Mrs. Chitra Venkataraman, for the Revenue : P.P.S. Janarthana Raja, for the Assessee

JUDGMENT

R. JAYASIMHA BABU, J.:

The assessee is an employee of an Italian company—Italviscose Eastern Trading S.P.A. Milan, which had entered into an agreement with South India Viscose Ltd. in connection with the expansion project of the latter company’s pulp plant. Under the terms of that agreement out of the sums paid by the Indian company to the Italian company, the employee of the Italian company was to receive the amounts specified in that agreement, the rate being 75,000 Italian Lira per day payable in an Italian bank. No payments were made by the Indian company to the assessee directly. The Indian company was only to provide the boarding and lodging facilities and allowance for his day- to-day expenses while in India.

The Indian company, as required by s. 195 of the IT Act at the time of making payments to the Italian company deducted tax thereon, and remitted the same to the Government. The ITO construed that the remittance as indicating the payment of tax-free salary to the assessee. On that basis, he grossed up the salary and demanded tax from the assessee on the amounts so grossed up. The CIT(A) set aside that order. The Tribunal having upheld the order of the CIT, the Revenue has brought this reference before us.

On the facts as found by the Tribunal, it is amply clear that the assessee was not an employee of the Indian company, and he had not been paid any salary by the Indian company. He was a technician, who had been sent by his Italian employer pursuant to an agreement between that employer and the Indian company with regard to the expansion of the pulp plant of the Indian company. The Indian company under the terms of that agreement was only required to pay the Italian company the amounts specified in the agreement. The payment of the technician’s salary was to be made by the Italian company in Italy. The Indian company was required to, and did comply with s. 195 of the IT Act by deducting the tax at source on all the amounts paid by it to the Italian company. These facts did not in the least warrant the view taken by the ITO that the Indian company had paid a tax-free salary by having remitted to tax-free salary to the technician sent by the Italian company. The view taken by the ITO was perverse, and was rightly reversed in appeal by the CIT, and that reversal again rightly upheld by the Tribunal.

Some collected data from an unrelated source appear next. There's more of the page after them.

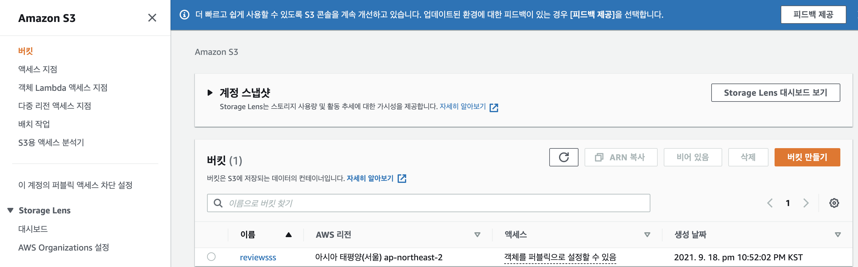 버킷 이름 항목을 클릭해보자.
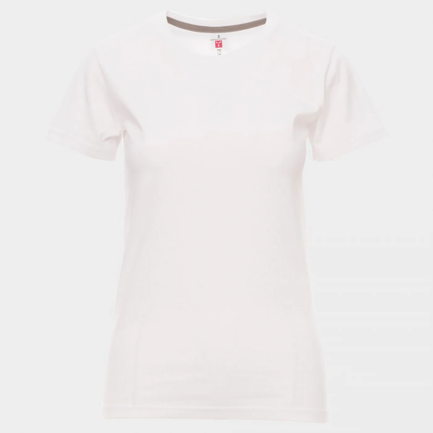 Tricou ajustat pentru femei cu guler rotund, mânecă scurtă, guler cu nervuri cu combinație de spandex de 1,5 cm, cu cusătură dublă la exterior, bandă de întăritură la nivelul umerilor în culoare contrastantă vizibilă pe partea interioară a gulerului, cusături stretch, cusătură laterală
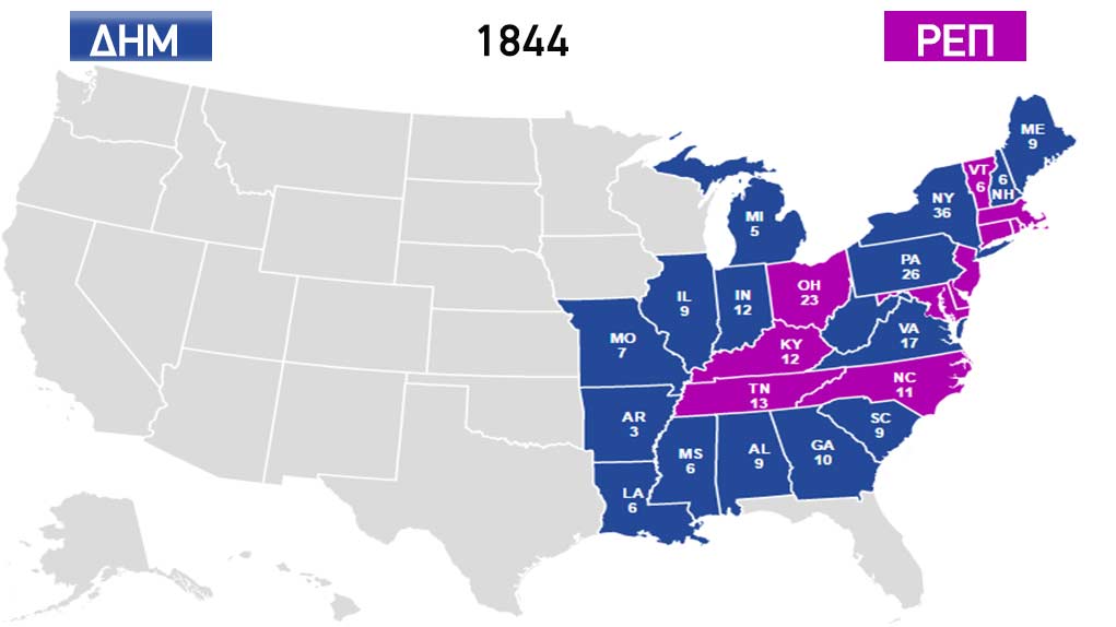 1844 Εκλογές 1844. Νικά το Δημοκρατικό κόμμα με τον Τζέιμς Πόλκ με σύνθημα την προσάρτηση στις Ηνωμένες Πολιτείες και άλλων περιοχών υπέρ της δουλείας όπως το Τέξας (αποσχισθέν από το Μεξικό), ενώ οι Γουίγκς είναι αντίθετοι στην προσάρτηση (και στη δουλεία). Είναι οι τελευταίες εκλογές που διενεργούνται σε διαφορετική μέρα στις διάφορες πολιτείες.

We see no merit whatsoever in this reference. The question referred to us, as to whether the Tribunal was right in law in holding that there could be no grossing up of income on tax basis, and that the ITO erred in law in treating the tax paid by the company as perquisites taxable in the hands of the assessee, against the Revenue, and in favour of the assessee. The Revenue shall pay costs in the sum of Rs. 2,000.